Teeth and Fingernails

  • Step 1) Next, let’s put some ugly on those teeth and nails. Start with a basecoat of Bloodstone.
  • Step 2) Now work up your highlight using Rucksack Tan. Make sure to let areas of the previous color show through on the bottom.
  • Step 3) Finally, add a few edged highlights of Menoth White Base to get that weathered teeth and nails look.

Starfish

  • Step 1) Time for the part I struggled with the most on this model: the starfish. I tried four or five different colors and variants before determining this process. So, here it is: I start with Khador Red Base for any area of the main body and with Carnal Pink on the lighter areas.
  • Step 2) To create some shades across the whole area, take Piggy Purple Ink and thin it out to a glaze with some water. I usually go 16 drops of water to one drop of Piggy Purple Ink. Apply thin coats of this color across the area, making sure that the mixture doesn’t pool up in any of the recesses. I’m just looking to shift the base colors here to create my shadows.
  • Step 3) Next, I reapply the base colors over the area, making sure to leave areas of the previous steps showing through.
  • Step 4) Finally for the upper highlight on the red tones I apply Khador Red Highlight to the uppermost areas.
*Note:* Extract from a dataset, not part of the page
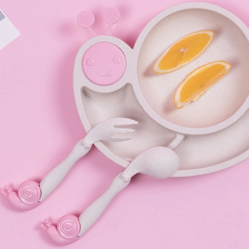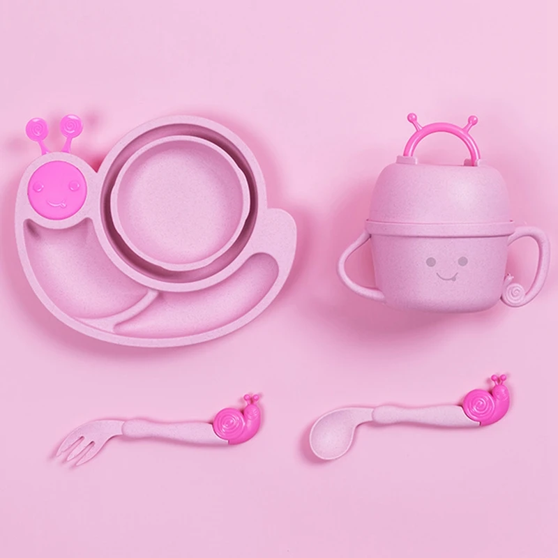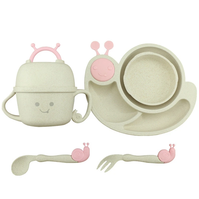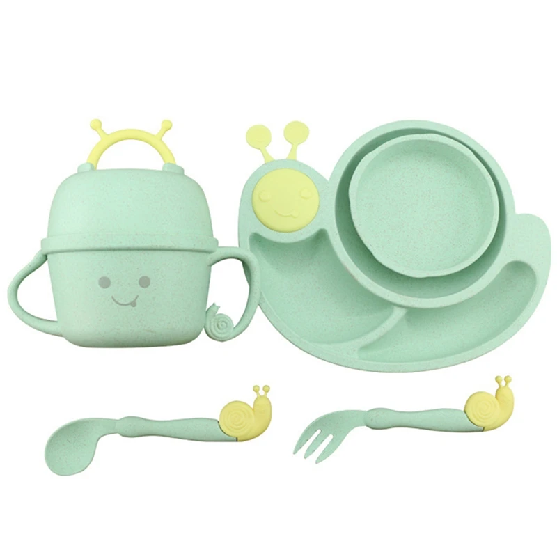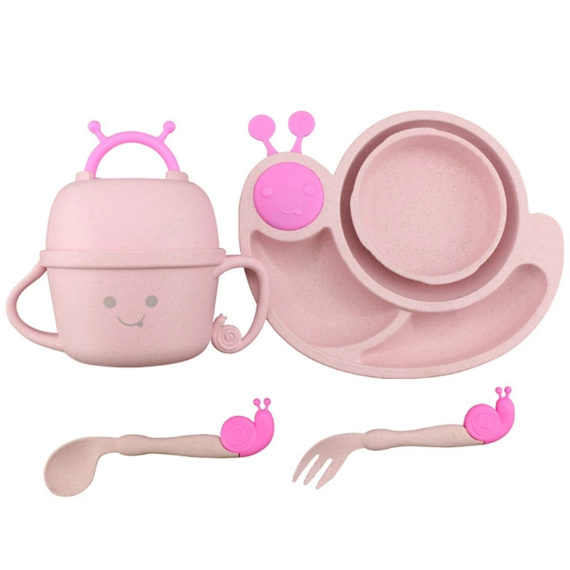 Отзывы о 6Pcs/Sets Cartoon Snail Feeding Dish Baby Bowl with Spoon Fork Food Tableware Kids Training Dishes Container | Дом и сад

Additionally, I apply a few drops/splotches to area to give it that starfish skin look.
  • Step 5) For the purplish areas, I go back and use the same Purple formula as before.

Brown Leathers

  • Step 1) For the brown leathers, start by laying down a solid coat of Idrian Flesh.
  • Step 2) Next, blend Umbral Umber into the recesses to create your first shade.
  • Step 3) For your next shade, mix Brown Ink and Thamar Black together and apply to the deepest areas and any area you need to show separation in the leathers.
  • Step 4) Begin highlighting using a layer of Bootstrap Leather.
  • Step 5) Finally, pick out the most raised areas, hard edges, or anywhere you want to show the leather wearing by mixing Bootstrap Leather with Rucksack Tan.

Barnacles

  • Step 1) Lastly, let’s knock out the barnacles on Firequill. I start with a mixture of Gravedigger Denim and Eldritch. Apply this to the areas as a basecoat.
  • Step 2) I begin my highlights with a layer of Gravedigger Denim, making sure, as always, to leave some of that previous layer showing through.
  • Step 3) Continuing to build up the highlights, I mix Gravedigger Denim and Hammerfall Khaki.
  • Step 4) Time to shift the colors toward white with a layer of Menoth White Base.
  • Step 5) Finally, to finish off the barnacles, I add a few upper highlights of Menoth White Highlight.

With that, Captain Firequill is ready to take control of the battlefield…er, ocean…field.